Николай откинулся на спинку стула, вытянул больную ногу вперед, погладил, понянчил ее, словно малого ребенка. Видно было, что болит она у него.
- Поведаю я тебе о нашей жизни с самого начала. Сам то я из простой семьи. Жили как все, не бедно, не богато. Родители мои рано померли. Я еще в парнях гулял, когда их не стало. Остался я один в маленькой избенке. Сестра у меня в ту пору уж замужем была, жила в другой деревне.
Про учебу и думать мне не приходилось. Чуть силенки прибавилось, пошел в колхоз работать. Жить то надо. Никто не смотрел, что один я живу. В колхозе если никто не работает, то значит единоличник, чуть землю не отрезали. А то бы совсем беда была. Добрые люди подсказали тогда, чтоб в колхоз заявление написал. Так и сделал. Посылали меня на разные работы, потом на ферму скотником пристроили.

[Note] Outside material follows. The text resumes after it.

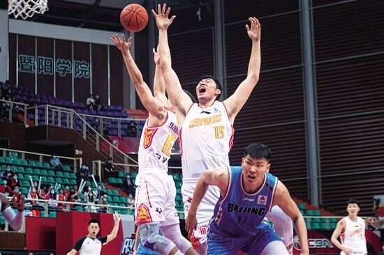 ■深圳马可波罗队球员白昊天(上左)、赵义明(上右)与北京首钢队球员范子铭(下)在比赛中拼抢篮板球。新华社发 |

Время пришло, женихаться начал. Девки от меня нос воротили. Хоть к тому времени я вырос, в кости раздался. Да и так скажу, не страшный был, Только вот красоту то мою никому не надо было. Всем богатых женихов подавай. И с чего это Олья на меня тогда посмотрела. Может из жалости. За ней парни хороводами ходили. Да ты и сам знаешь, глядел бы как на картину на нее да любовался. А тогда то совсем красота писаная. А она ко мне прибилась. Сама призналась, что люб я ей. А я то разве мог устоять. Хоть и думал, что не по себе дерево рублю.
Мать ее, Серафиму, в деревне все побаивались. Хоть и не делала она никому ничего плохого, но сам знаешь, боятся люди таких . А ее колдуньей все кликали. Еще и от этого страшно мне было жениться на ней.
Страшно то страшно, а я уж и дня без нее прожить не мог. Поженились. мы по советским законам. Расписались в сельсовете. Видел я, что родители то не такого мужа своей дочке красавице хотели, не очень то привечали меня. А куда деваться.
Жили мы в моей избушке. Жили да радовались. Олья меня любила, я ее. Только вот Бог деток нам не давал. Серафима сперва все ворчала, что я мол виноват. А потом вдруг исчезла куда то. То ли молиться ушла, то ли колдовать. Олья мне ничего не говорила. Через год пришла, худая, измотанная вся. И ведь после этого понесла Олья то. Настенка у нас родилась. Я сперва то радовался, а мужики на ферме стали мне говорить да нашептывать, что не иначе как нагуляла Олья ребеночка то. Столько времени не было у нас никого а тут пожалуйста.. И с чего только придумали. Но семя в душу посеяли и начало оно всходить.
Я хоть Олье ничего не говорил, а сам все приглядывался к Насте то. Да только приглядываться долго не пришлось. Война началась. Меня сразу и забрали на войну. Уговаривал я Олью уезжать скорее, немец то вон как быстро наступал. А она все надеялась, что остановит наша армия фашистов. А оно вон как получилось. Боялась с такой маленькой ехать. А ведь все равно пришлось. Только уехать далеко не успели. Догнала их война.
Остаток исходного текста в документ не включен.